My results indicate the heat transfer properties of the heat exchanger systems in case of a counter-current liquid phase.
3.4. I have compared the results of the mathematical model for describing heat exchanger systems and the results of the momentum equation model derived from it with the results of the real life experiments (Rodriguez et al., 2002;
Pécora et al., 2006) published in literature. This comparison proves the applicability of modeling with population balance equation and the constructed model.
[P1], [P2], [P4], [P5], [P6], [P7]
4. I developed an axial dispersion/population balance model for the description of the heat transfer processes of turbulent fluidization.
4.1. I specified an axial dispersion/population model for modeling and analyzing the heat transfer processes of turbulent fluidization. By means of the model I described and analyzed the heat distribution of the different components of the particle-fluid system along the axial coordinate: namely the average temperature of the particles in addition to the heat properties of the gas, the wall and the environment.

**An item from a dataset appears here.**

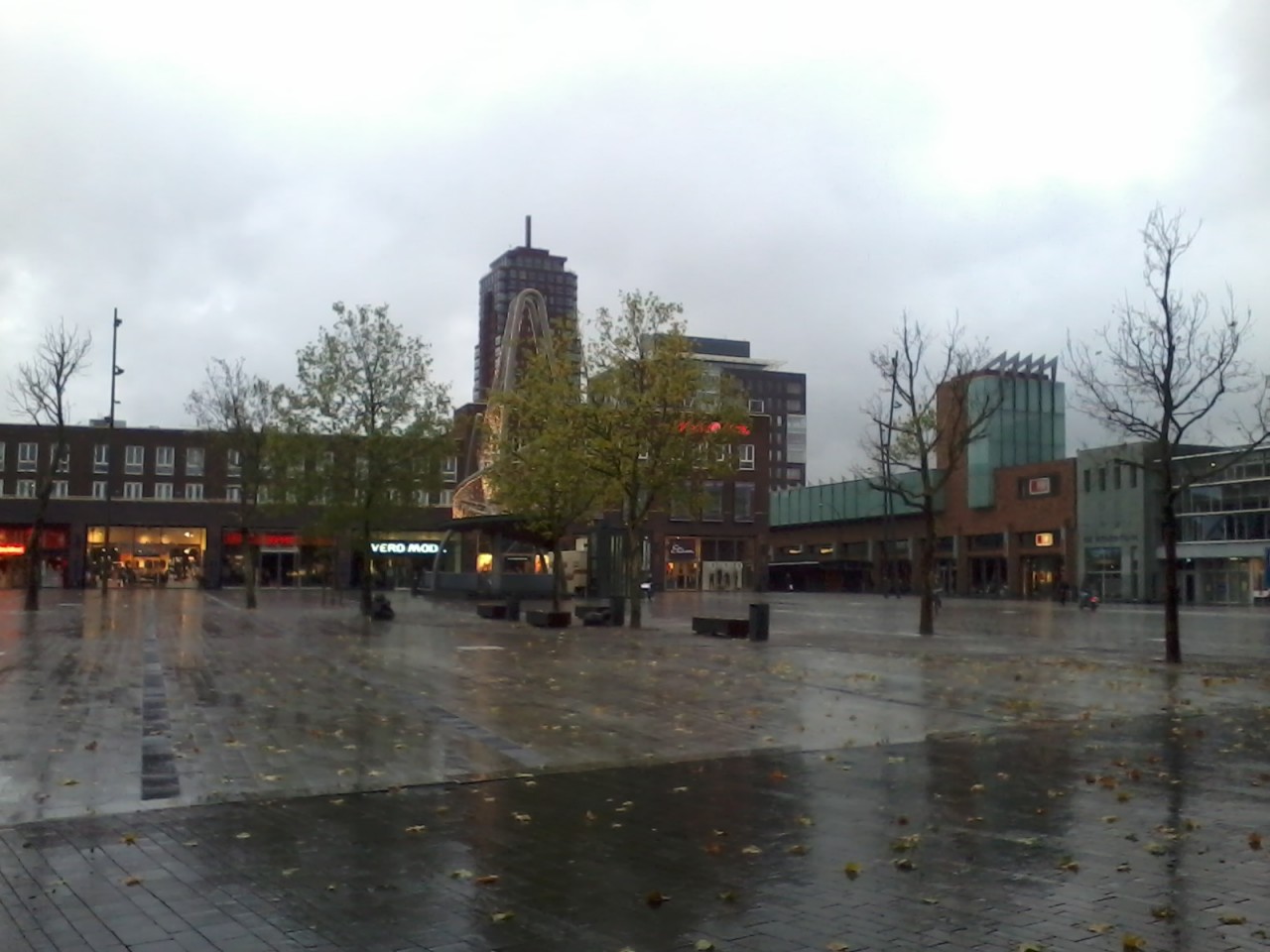 Hier im Vordergrund kann man das sogenannte „Het Ei van Ko“ sehen. Es ist oval, wie das Stadtzentrum von Enschede, und zeigt einen Brunnen und vier bronzene Figuren: Vater, Mutter, Kind und einen Hund. Dies soll eine Familie darstellen. Es wird auch „Het Ei van Ko“ genannt, weil der Künstler seinem Kunstwerk keinen Namen gegeben hatte und die Bürger das eiförmige Gebilde daher nach dem damaligen Bürgermeister Ko Wierenga nannten.

4.2. I introduced the dimensionless variables and parameters, and by applying the momentum method I transformed the constructed balance equations into momentum equations. I solved this partial differential equation system with the developed computational program support.
4.3. I have analyzed the properties of the axial dispersion/population balance equation with computational simulation, furthermore I have showed the decisive role of the particle heat transfer properties of the particle-fluid systems.
[P1], [P3], [P8]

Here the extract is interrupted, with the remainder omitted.